Justice Ruth Bader Ginsburg, in a strongly worded dissent that she recited from for ten minutes during the Court session, argued that “the Court errs egregiously by overriding Congress’ decision” in 2006 to extend the law for another twenty-five years (a renewal that was enacted without updating the coverage formula). Ginsburg wrote that the decision “strik[es] at the heart of the nation’s signal piece of civil-rights legislation.” The dissenting opinion was joined by Justices Stephen G. Breyer, Elena Kagan, and Sonia Sotomayor.

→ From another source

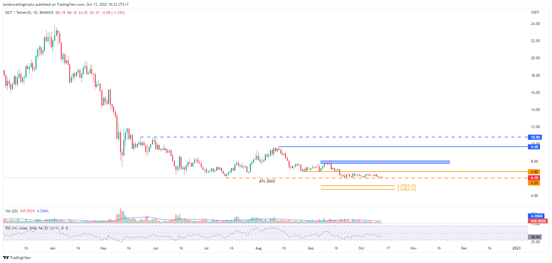 DOT/USDT daily chart Binance. Source: TradingView. By: Arli Fauzi
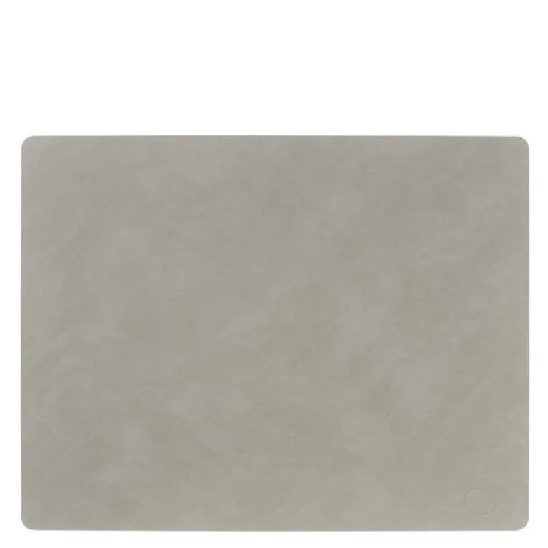 Square Nupo spisebrikke L 35×45 cm lys grå. LIND DNA Square Nupo spisebrikke er en vendbar spisebrikke i OEKO-TEX® resirkulert skinn med forskjellige farger og overflater på hver side.

The Chief Justice recalled in the main opinion that the Court had voiced constitutional worries about the 1965 law four years ago, and then commented: “Congress could have updated the coverage formula at that time, but did not do so.” That “failure to act,” Roberts went on, “leaves us today with no choice” but to declare Section 4 unconstitutional. “The formula in that section can no longer be used as a basis for subjecting jurisdictions to preclearance [under Section 5].”
While the opinion did not judge Section 5 itself, as this lawsuit had urged it to do, the language of the Roberts opinion in condemning the 1965’s obligations on covered jurisdictions was not much of an endorsement of that provision’s validity. But it appeared that, after an extensive recital of constitutional grievances about the law’s main provisions, the Chief Justice — in order to hold together all of the five-Justice majority — narrowed the final focus to the validity of the Section 4 coverage formula.
If Congress can be persuaded, against the political odds, to craft a new formula, the Roberts opinion contained a strong cautionary note. The Fifteenth Amendment, upon which federal bans on race bias in voting are based, “is not designed to punish for the past; its purpose is to ensure a better future,” it said.
Should Congress try again on defining a coverage requirement, the opinion declared, “Congress must identify those jurisdictions to be singled out on a basis that makes sense in light of current conditions. It cannot rely simply on the past. We made that clear [in 2009], and we make it clear again today.”
Although Congress, in extending the law in 2006, had examined a lengthy record that the lawmakers were satisfied showed that the problems of racial discrimination in voting remained concentrated in the states that already were covered by the Section 4 formula and thus obliged to obey Section 5 on preclearance, the Chief Justice directly disputed those findings.
“Regardless of how to look at the record,” the Court majority said, “no one can fairly say that it shows anything approaching the ‘pervasive,’ ‘flagrant, ‘widespread,’ and ‘rampant’ discrimination that faced Congress in 1965, and that clearly distinguished the covered jurisdictions from the rest of the nation.”
What Congress did in the extension law, the opinion commented, was simply to reenact a coverage formula “based on 40-year-old facts having no logical relation to the present day….If Congress had started from scratch in 2006, it plainly could not have enacted the present coverage formula.”
Disclosure: Goldstein & Russell, P.C., whose attorneys work for or contribute to this blog in various capacities, is among the counsel to Representative F. James Sensenbrenner et al., who filed an amicus brief in support of the respondent in this case.The author of this post is not affiliated with the firm, however.